A Perfect Day, Hungarian Style

Our room included breakfast at the hotel restaurant. Note the onomatopoeic Hungarian word for rump roast.


We veered off the Vaci utca, a major shopping artery, to stroll along the Danube.







I threw my first peace sign of the trip on the Széchenyi Chain Bridge.  That's the Buda Castle in the background.


A funicular took us up the steep hill to the castle district where the presidential guard was changing.



The guidebook recommended walking along the western side of the Buda hill, a residential area with expansive views of Oud, another section of the city.  Natives were enjoying the sun.  One pooch had no use for paparazzi.





We entered the castle district through the Vienna Gate at the northern end, near the National Archives.  





Most buildings buildings have flagpole holders.


En route to the glorious terrace overlooking Pest at Fisherman's Bastion and Holy Trinity Square, we encountered an elaborate sculpture commemorating a 19th-century Hungarian king.  







Here's Matthias atop his high horse.



He named the colorful Gothic church, built centuries before his reign to honor the Virgin Mary, after himself.  Franz Joseph was crowned king of Hungary here in 1867, as was the last Hapsburg king in 1916.  




Allied bombing destroyed much of the church in World War II but the Hungarians did a wonderful job restoring it.








Lamb imagery appeared in several different media:  stained glass, fresco and sculpture outside.




Thom couldn't resist a nap while I took dozens of photos.  Blame the chai tea he bought me at Starbucks.


Do kids even know what these are anymore?


It was past noon by the time we got to the Buda castle proper.  Warm autumn sunlight bathed Pest and St.
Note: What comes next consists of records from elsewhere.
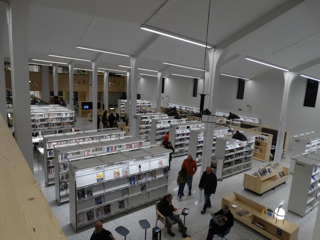 Amb el mòbil a la butxaca i la llista que tinc per a les primeres visites com a usuari vaig entrar. El primer que vaig notar va ser l’olor a fusta, una olor agradable que embolcalla tot l’edifici. Després vaig admirar l’estructura, l’edifici per on s’escola la llum natural, i les escales escherianes que es troben al centre de tot.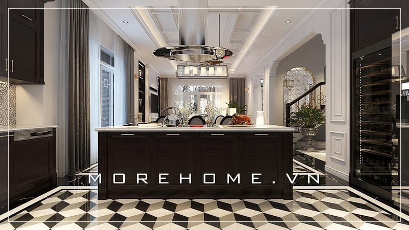 Thiết kế nội thất phòng bếp biệt thự tân cổ điển sang trọng, tiện nghi và đẳng cấp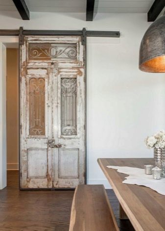 При производството на конструкции на врати в стил таванско помещение се предпочитат трайни материали.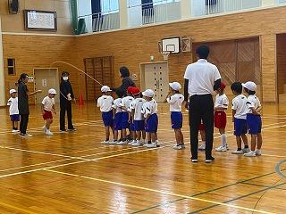 赤団・青団の団長のリードのもと、はじめは小さかった声もだんだん大きくなっていきました!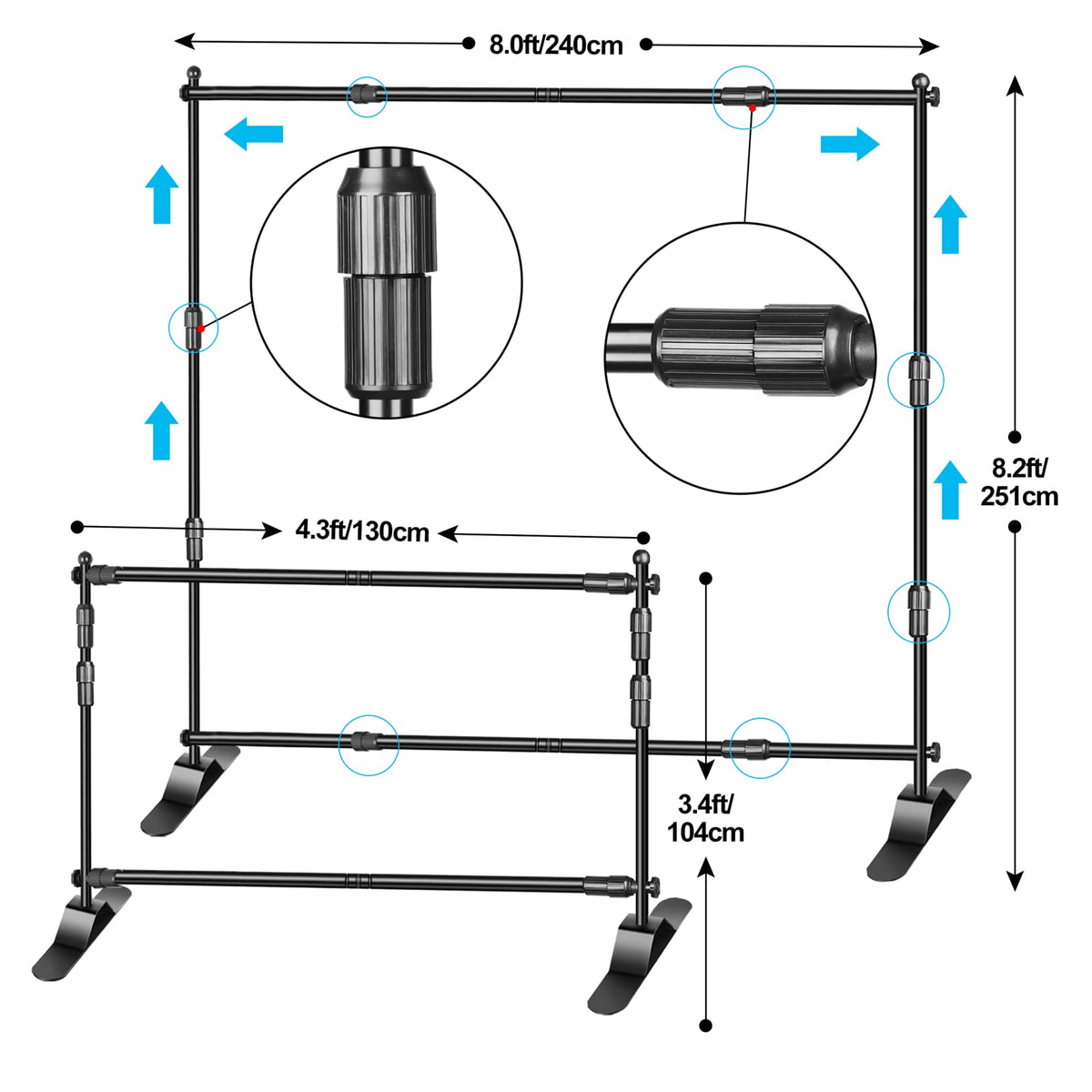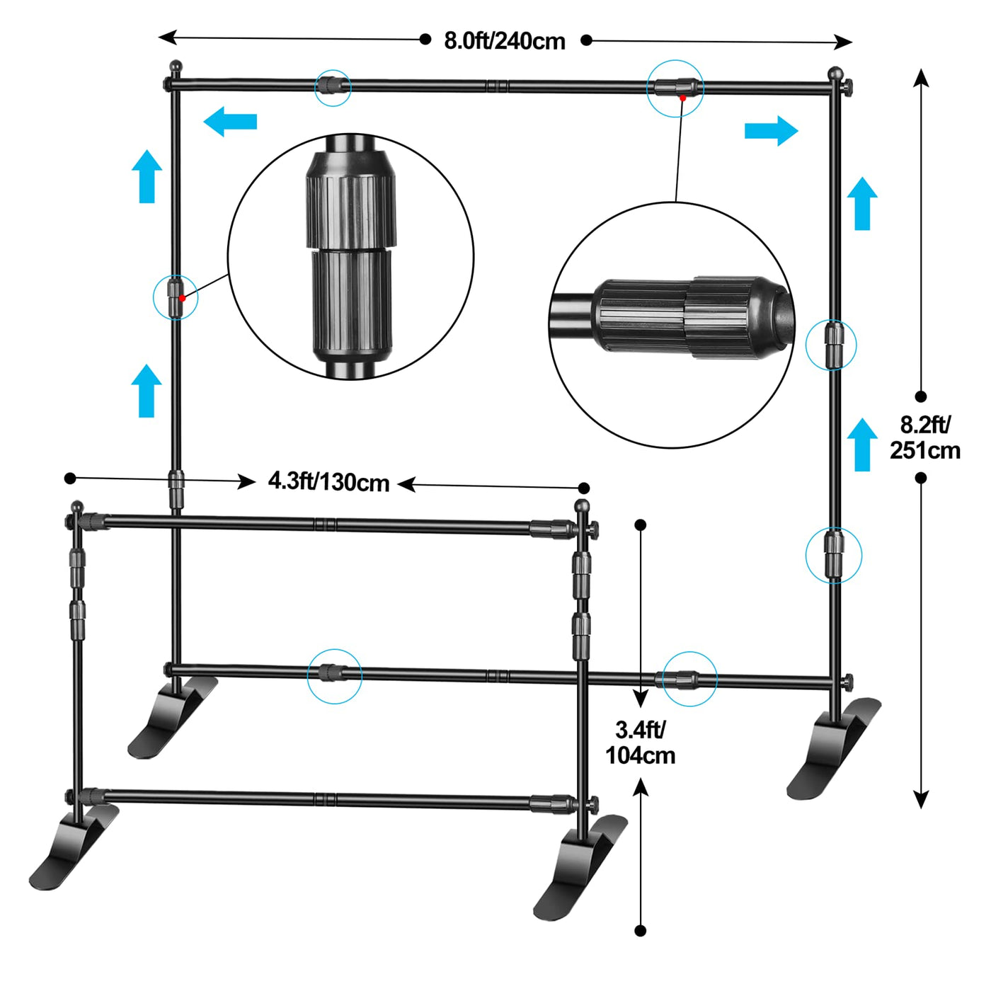 Emart 8 X 8 Ft Adjustable Telescopic Tube Backdrop Banner Stand, Heavy Duty Step And Repeat Background Stand Kit For Photography Backdrop And Trade Show Display

Stephen's Church in the distance.

 
The castle grounds are impeccably maintained.








We didn't have the time to visit both the Budapest History Museum and the National Gallery so Thom picked the museum.  Good choice.  History in this part of the world goes waaaaay waaaaay back.  It threw a lot of shit at the people, including both both the Nazi and Soviet occupations in the last century alone.








Of course changing swimsuit styles interested me just as much.  Simply interactive. 



A second nap re-energized Thom.



We exited through two gates at the rear of the castle.  First, the Lion's Gate which led to a lovely courtyard.




Then the wrought iron Matthias Gate.  That crow on the top is his heraldic animal.  He chose the bird after it stole a ring he had removed from his finger.





We took the funicular back down to walk below the castle along the Danube.  Blame jet lag for the confused positioning of the video.


This Hungarian doll was blown' in the wind.







Some goulash soup really hit the spot.


When we passed the recently renovated exterior of Rudas Thermal Baths, we learned only men were allowed on Wednesday night, just like the old days.  They've been in the same location for nearly 500 years!



First, we checked out the Gellert Baths, just ten minutes away.  Like Cher says in "Clueless," "let's do a lap before we commit to a location."



The interior was just as grand.






Thom went on his first shopping spree in the gift shop.  The pretty young woman provided an excellent restaurant recommendation.  It always pays to ask a local where to eat after someone has dropped a bundle.


The Gellert also houses a very grand hotel.


We walked back to the Rudas, past the Freedom Bridge, in the dark.




The Rudas prohibited photography.  I'll just have to remember the profound feeling of going back in time to the 16th century.  For close to two hours, there wasn't a phone in sight. We soaked in a communal bath built by the occupying Turks during the Ottoman empire. Hanging wooden buckets, still operated by pulling a rope, refreshed us with cold water. The romance of Budapest at night hit us just as hard walking back to the hotel.


After a couple of glasses of prosecco we headed to dinner in the old Jewish quarter.  A shy pug peeked out from a window display.


Our meal at M was superb, especially the dessert.



Persimmon seeds go really well with chocolate cake.


We stumbled upon a final delight before catching a cab back to the hotel.  This complicated statue in front of the glorious music school honors Georg Solti, the world-renowned, Budapest-born conductor.